Collected data entries
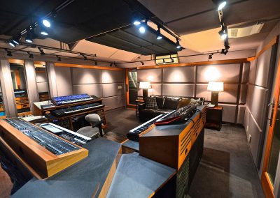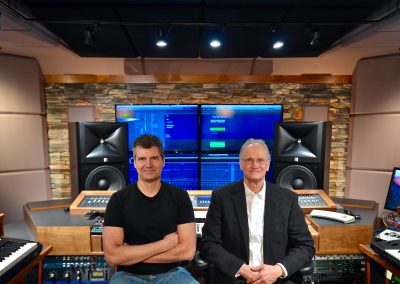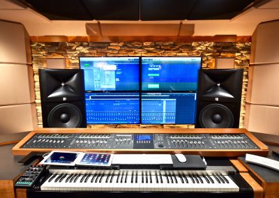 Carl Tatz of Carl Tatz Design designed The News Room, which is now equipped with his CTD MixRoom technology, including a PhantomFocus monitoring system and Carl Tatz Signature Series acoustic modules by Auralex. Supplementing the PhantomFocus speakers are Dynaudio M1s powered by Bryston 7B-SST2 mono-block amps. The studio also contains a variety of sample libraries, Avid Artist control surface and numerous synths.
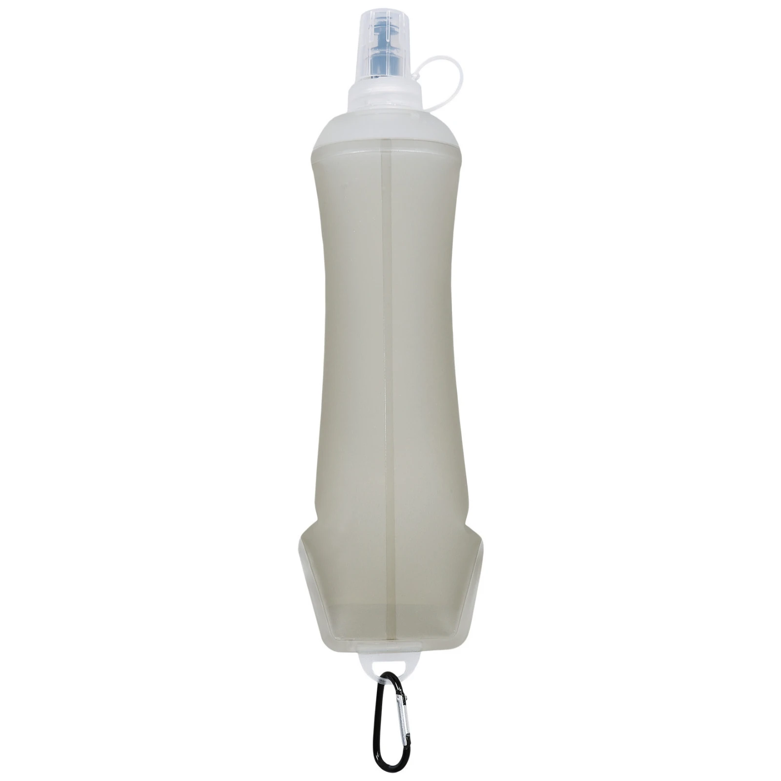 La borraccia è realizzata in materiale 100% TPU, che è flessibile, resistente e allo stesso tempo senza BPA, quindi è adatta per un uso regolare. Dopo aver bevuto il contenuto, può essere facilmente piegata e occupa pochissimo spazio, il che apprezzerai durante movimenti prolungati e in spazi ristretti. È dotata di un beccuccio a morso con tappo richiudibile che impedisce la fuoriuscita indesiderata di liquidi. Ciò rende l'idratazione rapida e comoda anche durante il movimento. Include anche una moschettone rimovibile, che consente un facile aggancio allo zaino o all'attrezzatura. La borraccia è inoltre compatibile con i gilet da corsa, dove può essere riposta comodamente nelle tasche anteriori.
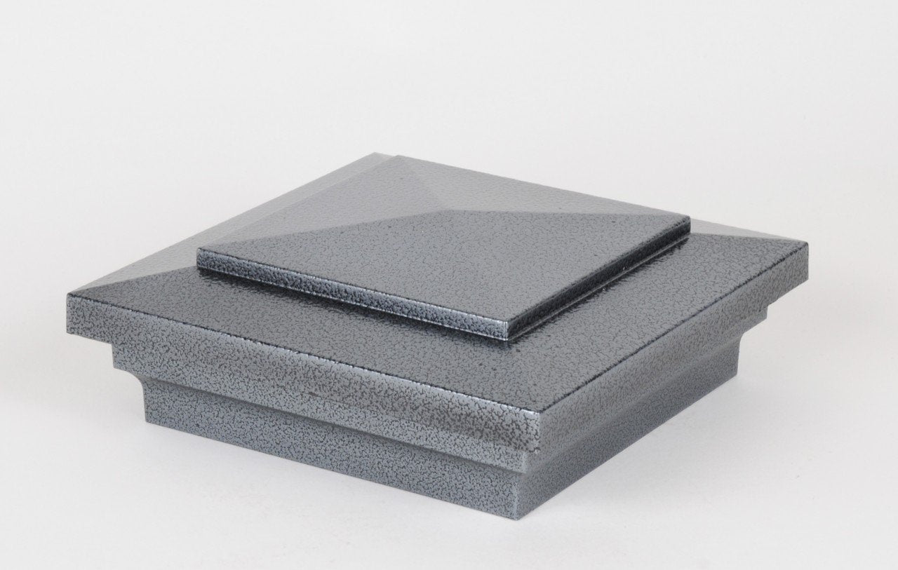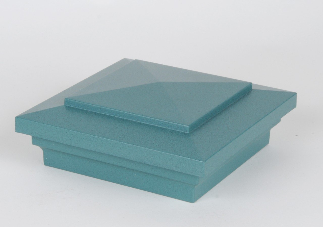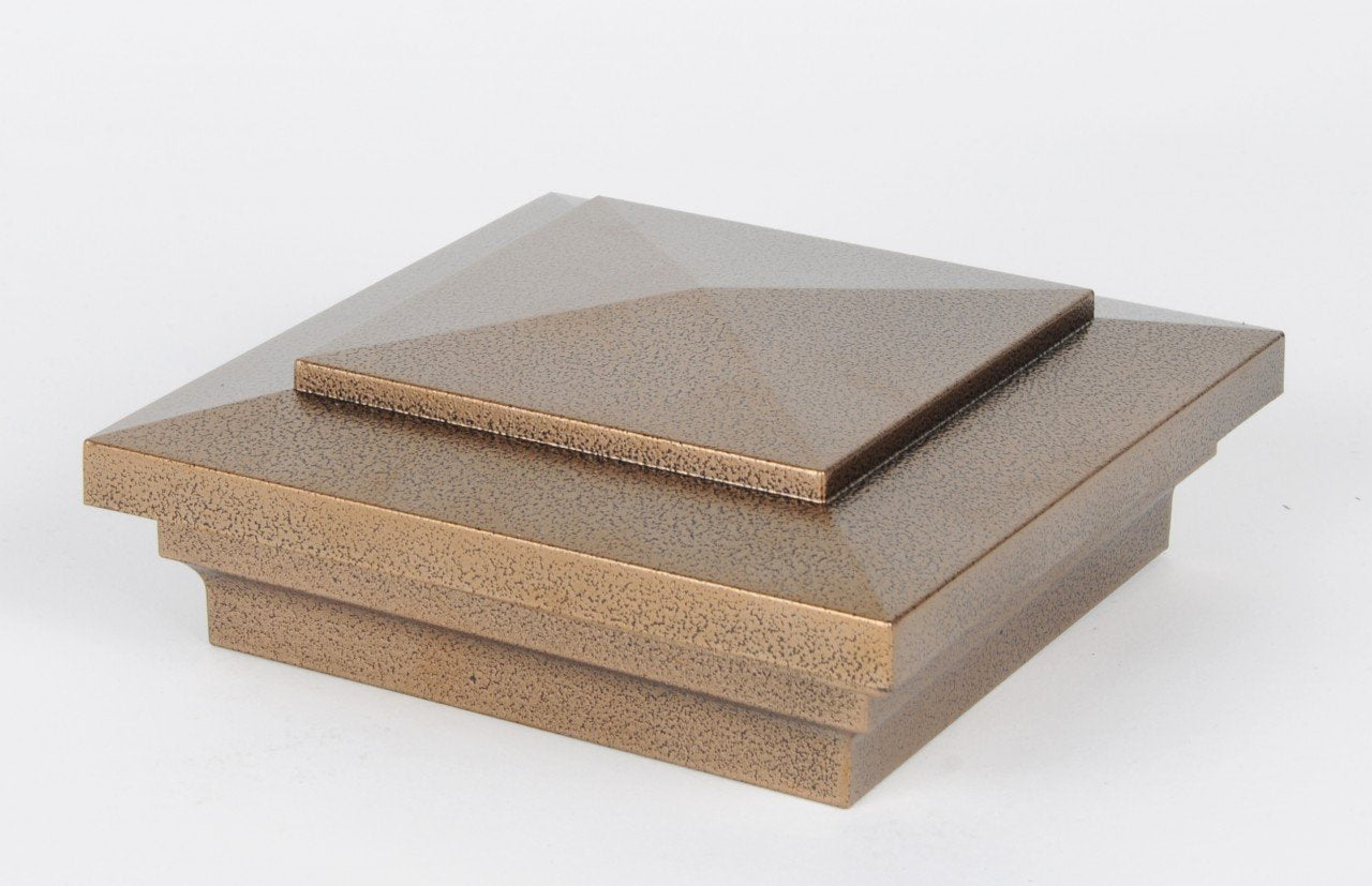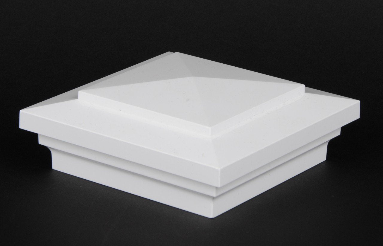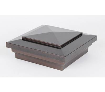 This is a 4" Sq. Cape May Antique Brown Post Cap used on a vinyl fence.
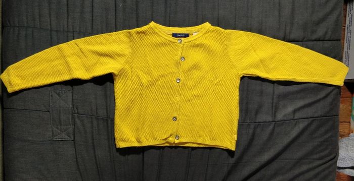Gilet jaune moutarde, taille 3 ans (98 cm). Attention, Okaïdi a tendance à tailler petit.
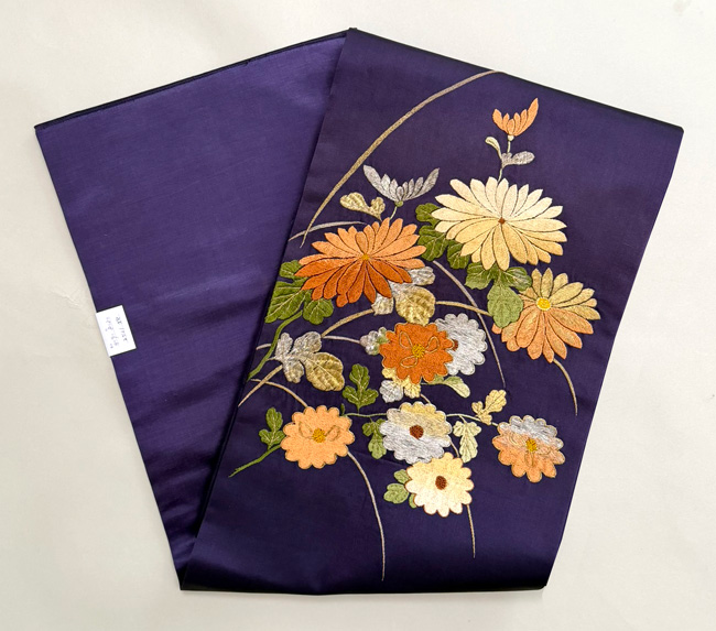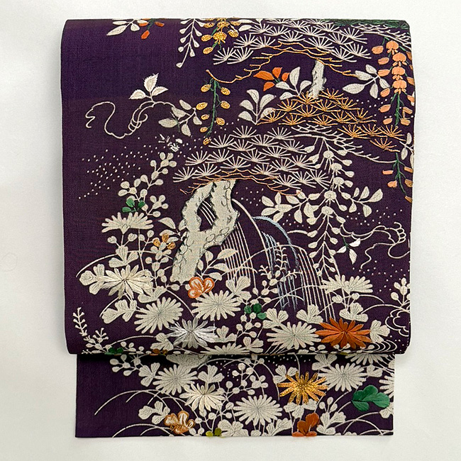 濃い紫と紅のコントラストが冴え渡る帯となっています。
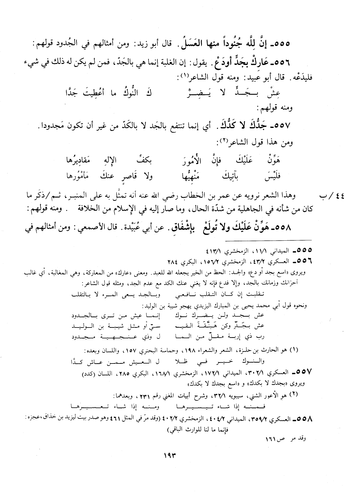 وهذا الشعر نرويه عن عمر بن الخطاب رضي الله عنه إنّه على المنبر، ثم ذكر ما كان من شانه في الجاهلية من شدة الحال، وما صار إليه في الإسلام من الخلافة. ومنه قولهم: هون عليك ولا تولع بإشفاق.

EXERCISE: Print from the line containing "Gilet jaune moutarde, taille" through the line containing "濃い紫と紅のコントラストが冴え渡る帯となっています。" in the data above, exactly as the lines stand, and omit every picture.

WRITTEN SOLUTION:
Gilet jaune moutarde, taille 3 ans (98 cm). Attention, Okaïdi a tendance à tailler petit.
 濃い紫と紅のコントラストが冴え渡る帯となっています。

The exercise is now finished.